There is a new virus that is creating a bit of an uproar around the country. Eastern Equine Encephalitis, or EEE, is a rare disease, but something we are seeing more and more reported cases. While most cases are being reported in Gulf Coast states and the Northeast corridor, the mosquito-borne virus is starting to creep up around the country, albeit in very small numbers. Even so, because of the dangers of the virus, pesticides are being used to kill mosquitos, but those pesticides can be harmful to the honey bees.
What is EEE?
As stated above, it is a mosquito-borne illness reminiscent of the West Nile virus. While it historically is more present in Gulf Coast states and the Northeast Corridor, it is seeping to other parts of the country now, creating a bit of panic. This year, we are on pace for one of the worst years ever for reported cases and fatalities related to the disease.
The disease starts out with symptoms very similar to that of the flu but can escalate rather quickly into a neuroinvasive disease.
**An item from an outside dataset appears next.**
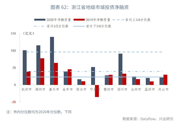 兴业研究覆盖196家浙江省城投平台,我们统计了浙江省11个地级市、90个区县的城投债融资数据。截至2020年末,城投平台债券发行量合计8297亿元,同比增长43.52%;2020年净融资规模2516亿元,同比增长68.32%。从地级市层面来看,各地级市2020年的城投债净融资规模普遍扩大,嘉兴市城投债的净融资逾140亿元,其他净融资额超过100亿元的地级市分别为湖州(116亿元)和杭州(101亿元);舟山、金华和衢州的城投债净融资规模同比略有下滑,分别为较2019年减少8亿元、7亿元和2亿元。

The virus works its way into the brain, which then triggers the encephalitis. Symptoms of the condition are chills, high fever, headaches, and vomiting. This will eventually lead to possible seizures and disorientation.
Over the last decade, there have been only 72 cases of EEE recorded. However, this year already there have been 28 cases reported, with the large majority of them having been reported in Massachusetts and Michigan. New Jersey and Rhode Island have had three cases each, with Connecticut reporting two, and Tennessee and North Carolina reporting one each. Of those 28 cases, nine people have already died, as the fatality rate on anyone contacting the disease is traditionally very high.
Scott Weaver, an expert on arboviruses, stated, “I guess what’s a little bit concerning is that we’re already at the upper limit of the normal range and it’s still only mid-September. In Massachusetts and other areas of the northeast and mid-Atlantic, we may have another month or even more of active transmission and more cases to come.”
Dangers to Bees
Obviously, we need to protect our population from this horrific and deadly disease, but beekeepers in areas that are being sprayed for EEE are already seeing an impact on their hives. Ethan Mitchell, a local beekeeper in Elkhart County in Indiana, stated, “I depend on the bees for my income.” He added, “I got mixed emotions about it. I understand why they’re doing it, but at the same time, it also hurts not just the bees but the other pollinators in the area.”
The real problem for beekeepers is that spraying is happening so close to the winter season. This is the worst possible time because any massive losses will not be able to be recuperated prior to the winter, where, as we know, hives suffer their worst losses of the season. That being said, it is a reasonable assumption that when next spring rolls around and the new reports are released, this year’s losses may not even compare to the devastation honey bees are going to face this winter.